Pengobatan tuberkulosis terbagi menjadi 2 fase yaitu fase intensif (2 bulan) dan fase
lanjutan 4 bulan. Tahap Intensif: mendapat obat setiap hari dan perlu diawasi secara
langsung untuk mencegah terjadinya resistensi obat. Bila diberikan dengan tepat maka
pasien menular menjadi tidak menular dalam waktu 2 minggu. Sebagian besar pasien TB
BTA positif menjadi BTA negatif dalam 2 bulan. (Bahar A, et Al . 2009). Tahap lanjutan:
tahap yang sangat penting untuk membunuh kuman persisten sehingga mencegah
terjadinya kekambuhan. (Bahar A, et Al . 2009). Pada pasien ini, pengobatan dibantu oleh
anak beliau untuk diingatkan agar rutin minum obat, dengan harapan tidak terjadinya
resistensi OAT pada pasien.
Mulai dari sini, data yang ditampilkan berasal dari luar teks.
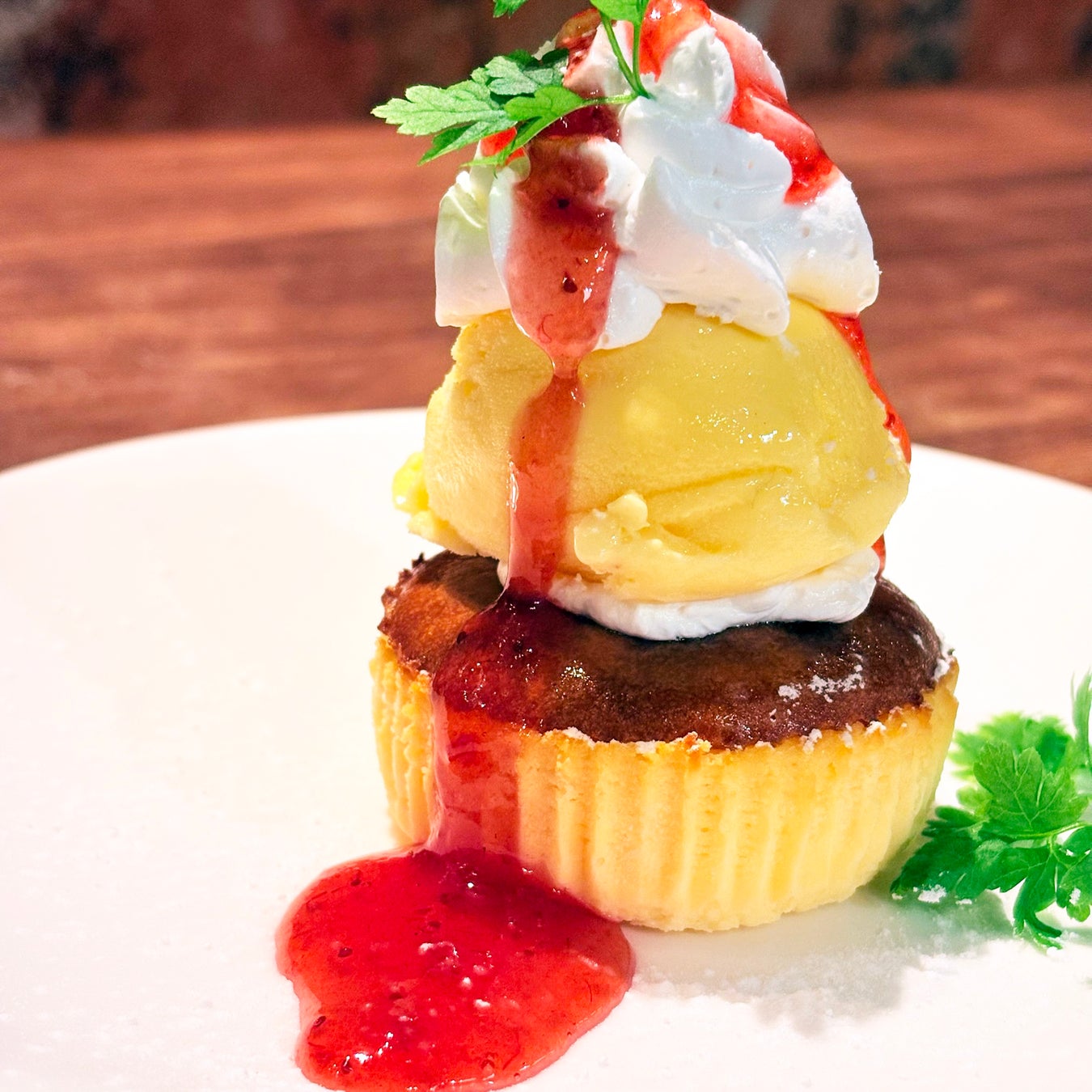 しっとり濃厚なバスクチーズケーキに、なめらかなバニラアイスを重ね、甘酸っぱいストロベリーソースを添えました。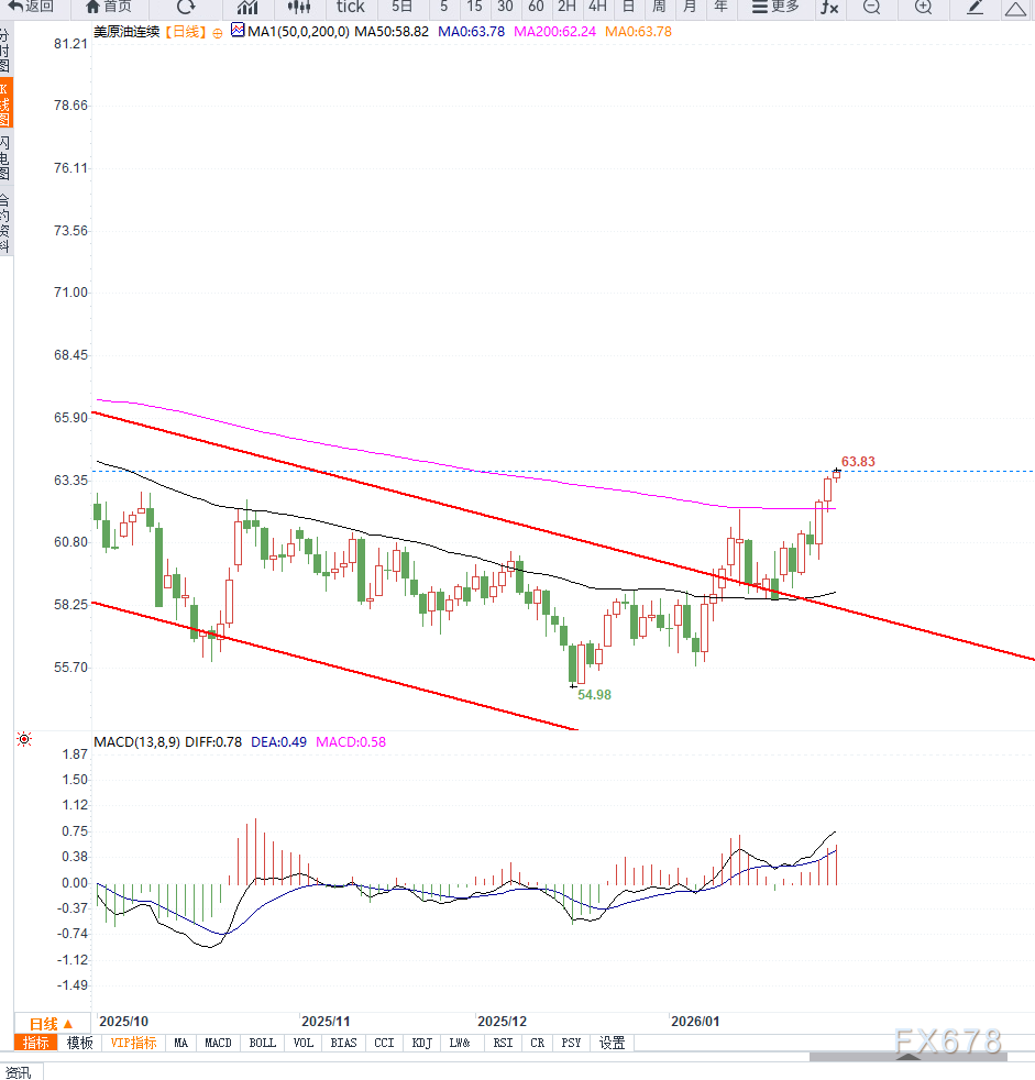 从日线图形来看,WTI原油整体维持在中期上升通道之中,价格连续突破此前震荡区间上沿,显示多头力量明显增强。日线级别上,油价已有效站上多条关键均线之上,短期与中期均线呈现多头排列,技术形态对多头较为有利。

Pasien sering melakukan kontrol ke puskesmas dan juga
untuk pengambilan obat.
Pada hasil wawancara, pasien termasuk Kategori 1 dengan pasien kasus baru TB
Paru BTA positif yang dimana Kategori 1 (2RHZE/4R3H3), diberikan untuk: Pasien kasus
baru TB paru BTA positif, Pasien kasus baru TB paru BTA negatif foto toraks positif,
Pasien TB ekstra paru (Kementerian Kesehatan RI. 2015).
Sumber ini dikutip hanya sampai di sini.